--- WHAT YOU WILL DO ---
Return only the lines of the data below from the line with "監視オペレーターは Google Cloud" up to and including the line with "Chapman & Myers", exactly as written, with the pictures omitted.

--- SUPPLIED MATERIAL ---
== Segment start ==

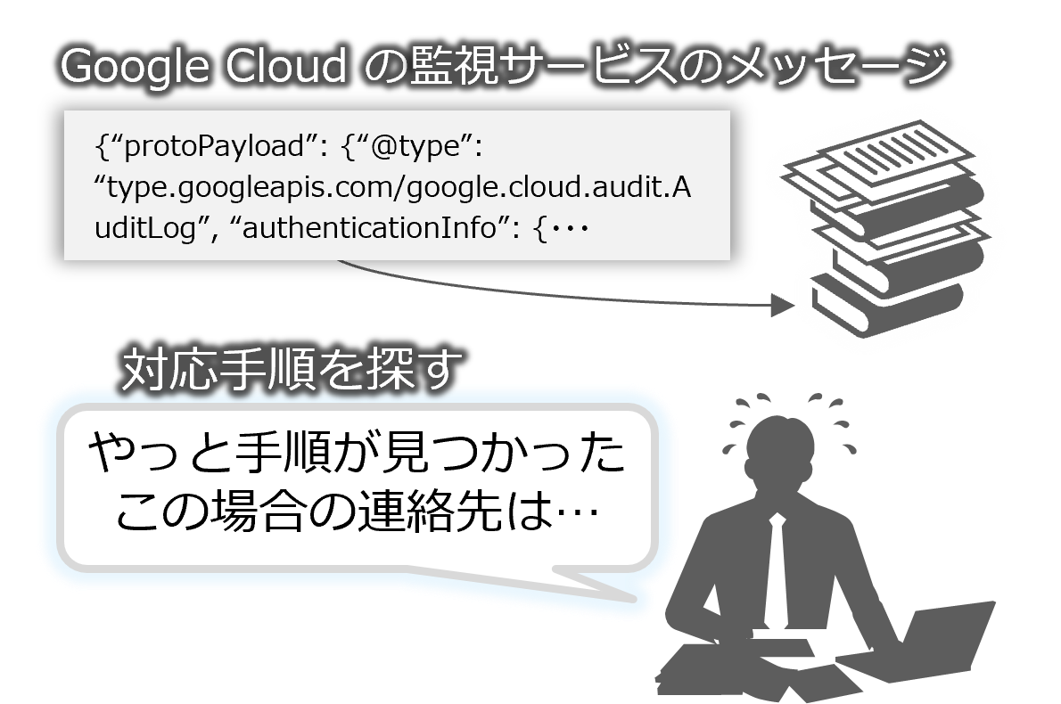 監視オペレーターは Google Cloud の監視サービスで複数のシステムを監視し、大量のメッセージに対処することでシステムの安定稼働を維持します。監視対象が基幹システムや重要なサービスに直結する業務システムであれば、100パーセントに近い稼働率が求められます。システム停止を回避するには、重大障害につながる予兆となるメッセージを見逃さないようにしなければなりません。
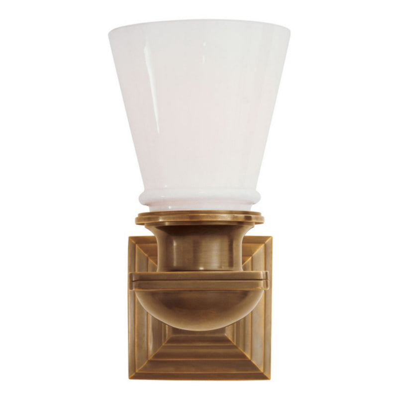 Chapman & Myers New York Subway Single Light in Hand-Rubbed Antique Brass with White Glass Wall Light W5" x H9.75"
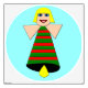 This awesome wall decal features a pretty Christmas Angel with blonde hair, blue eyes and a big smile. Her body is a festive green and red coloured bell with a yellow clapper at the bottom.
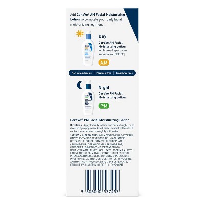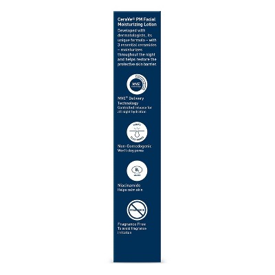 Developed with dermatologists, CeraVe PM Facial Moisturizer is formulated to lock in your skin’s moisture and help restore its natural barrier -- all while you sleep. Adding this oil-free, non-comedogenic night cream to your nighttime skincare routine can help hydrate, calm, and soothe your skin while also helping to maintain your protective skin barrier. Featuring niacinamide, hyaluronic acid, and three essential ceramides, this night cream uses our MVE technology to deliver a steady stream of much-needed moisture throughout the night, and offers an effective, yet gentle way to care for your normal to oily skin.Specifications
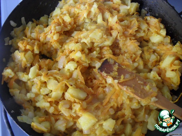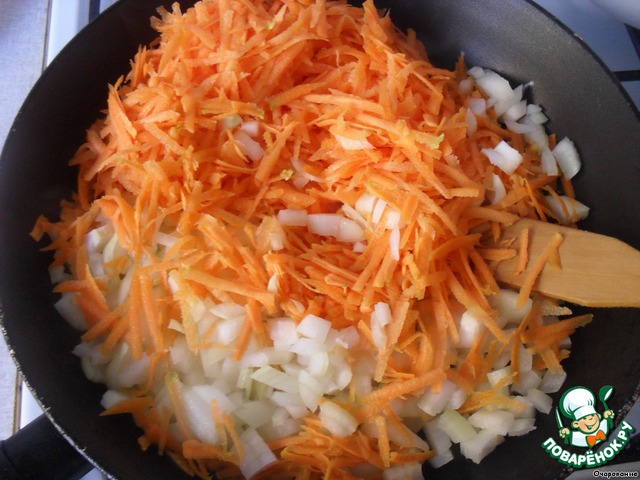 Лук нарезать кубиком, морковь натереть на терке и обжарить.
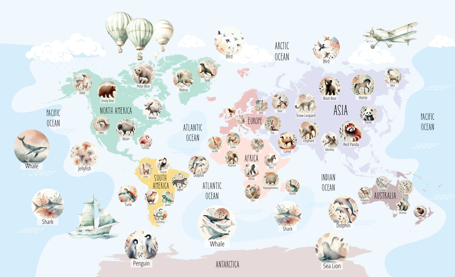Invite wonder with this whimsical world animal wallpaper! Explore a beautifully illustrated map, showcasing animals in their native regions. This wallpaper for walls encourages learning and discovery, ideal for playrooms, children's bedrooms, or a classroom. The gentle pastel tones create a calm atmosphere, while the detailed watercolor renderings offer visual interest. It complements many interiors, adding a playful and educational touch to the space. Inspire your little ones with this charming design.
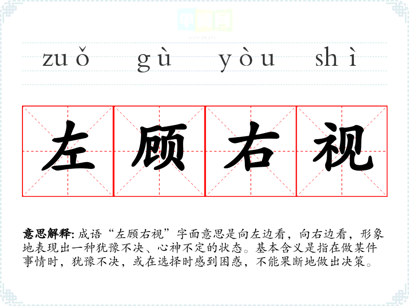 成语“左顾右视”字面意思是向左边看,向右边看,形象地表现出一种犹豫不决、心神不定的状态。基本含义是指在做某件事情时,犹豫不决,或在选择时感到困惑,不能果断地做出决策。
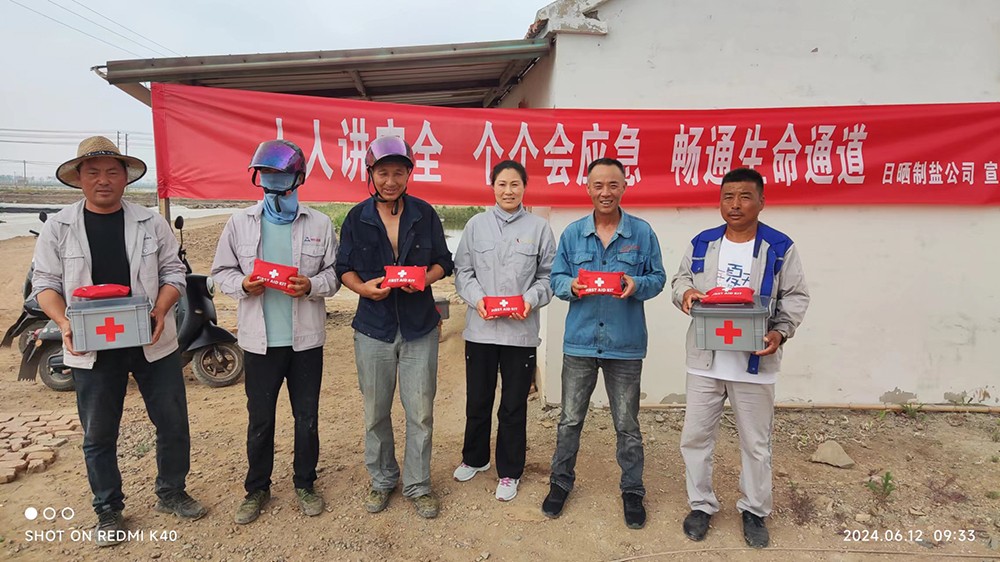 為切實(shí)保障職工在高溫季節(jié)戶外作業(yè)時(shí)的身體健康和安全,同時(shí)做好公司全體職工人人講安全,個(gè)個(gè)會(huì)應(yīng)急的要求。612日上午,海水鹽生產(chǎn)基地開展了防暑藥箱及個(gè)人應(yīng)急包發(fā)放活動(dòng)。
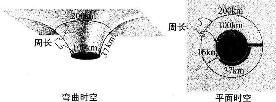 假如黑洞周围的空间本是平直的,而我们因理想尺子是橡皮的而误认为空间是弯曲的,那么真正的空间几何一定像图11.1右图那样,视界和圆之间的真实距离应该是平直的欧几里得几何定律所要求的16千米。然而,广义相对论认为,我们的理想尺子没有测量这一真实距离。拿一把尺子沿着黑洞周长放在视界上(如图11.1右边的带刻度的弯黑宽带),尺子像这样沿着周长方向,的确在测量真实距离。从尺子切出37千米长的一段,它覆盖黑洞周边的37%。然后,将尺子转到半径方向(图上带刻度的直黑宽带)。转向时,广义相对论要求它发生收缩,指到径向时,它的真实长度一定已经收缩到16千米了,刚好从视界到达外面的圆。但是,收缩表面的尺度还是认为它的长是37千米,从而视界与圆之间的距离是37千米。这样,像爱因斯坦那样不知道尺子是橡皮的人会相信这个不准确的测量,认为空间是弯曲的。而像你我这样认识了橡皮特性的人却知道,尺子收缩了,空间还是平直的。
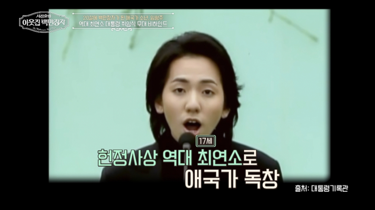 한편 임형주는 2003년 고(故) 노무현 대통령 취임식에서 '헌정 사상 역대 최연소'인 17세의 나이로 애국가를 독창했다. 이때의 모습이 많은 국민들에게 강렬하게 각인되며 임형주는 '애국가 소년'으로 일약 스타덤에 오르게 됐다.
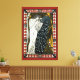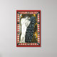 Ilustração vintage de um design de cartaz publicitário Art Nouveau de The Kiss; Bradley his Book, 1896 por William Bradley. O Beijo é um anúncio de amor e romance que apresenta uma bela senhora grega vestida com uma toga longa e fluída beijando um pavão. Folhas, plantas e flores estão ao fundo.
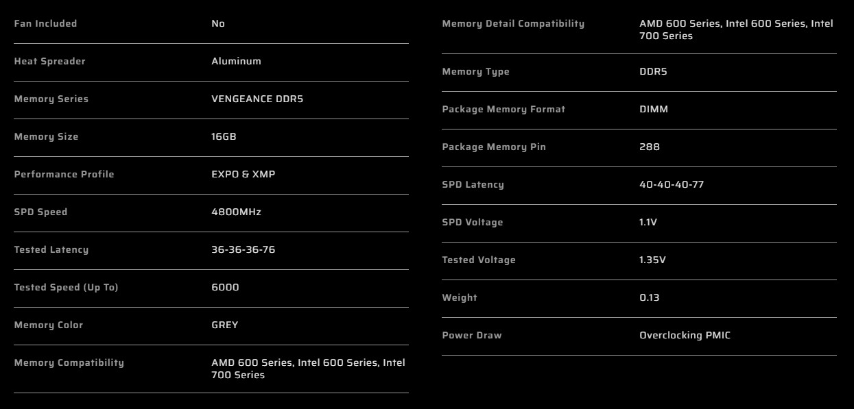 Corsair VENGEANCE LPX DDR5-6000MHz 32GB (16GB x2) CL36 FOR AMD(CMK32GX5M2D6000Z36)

== Segment end ==
== Segment start ==

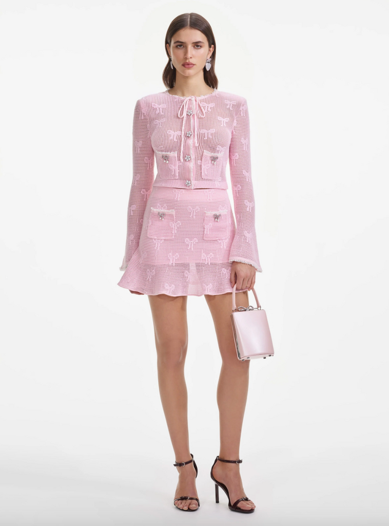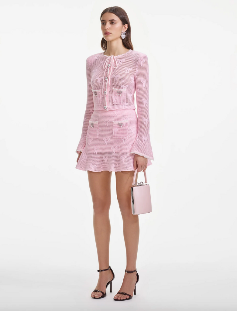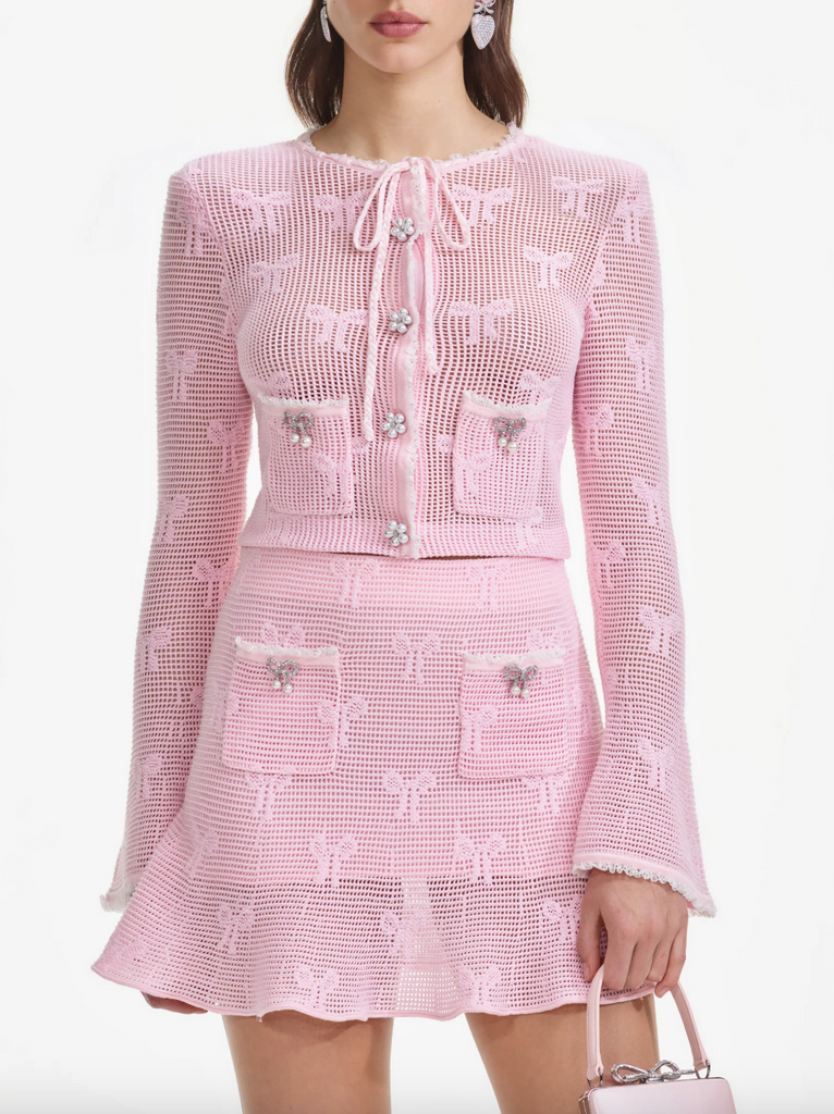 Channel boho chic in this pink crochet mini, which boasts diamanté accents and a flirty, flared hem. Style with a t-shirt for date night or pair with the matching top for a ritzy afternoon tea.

== Segment end ==

--- TASK RESULT ---
 監視オペレーターは Google Cloud の監視サービスで複数のシステムを監視し、大量のメッセージに対処することでシステムの安定稼働を維持します。監視対象が基幹システムや重要なサービスに直結する業務システムであれば、100パーセントに近い稼働率が求められます。システム停止を回避するには、重大障害につながる予兆となるメッセージを見逃さないようにしなければなりません。
 Chapman & Myers New York Subway Single Light in Hand-Rubbed Antique Brass with White Glass Wall Light W5" x H9.75"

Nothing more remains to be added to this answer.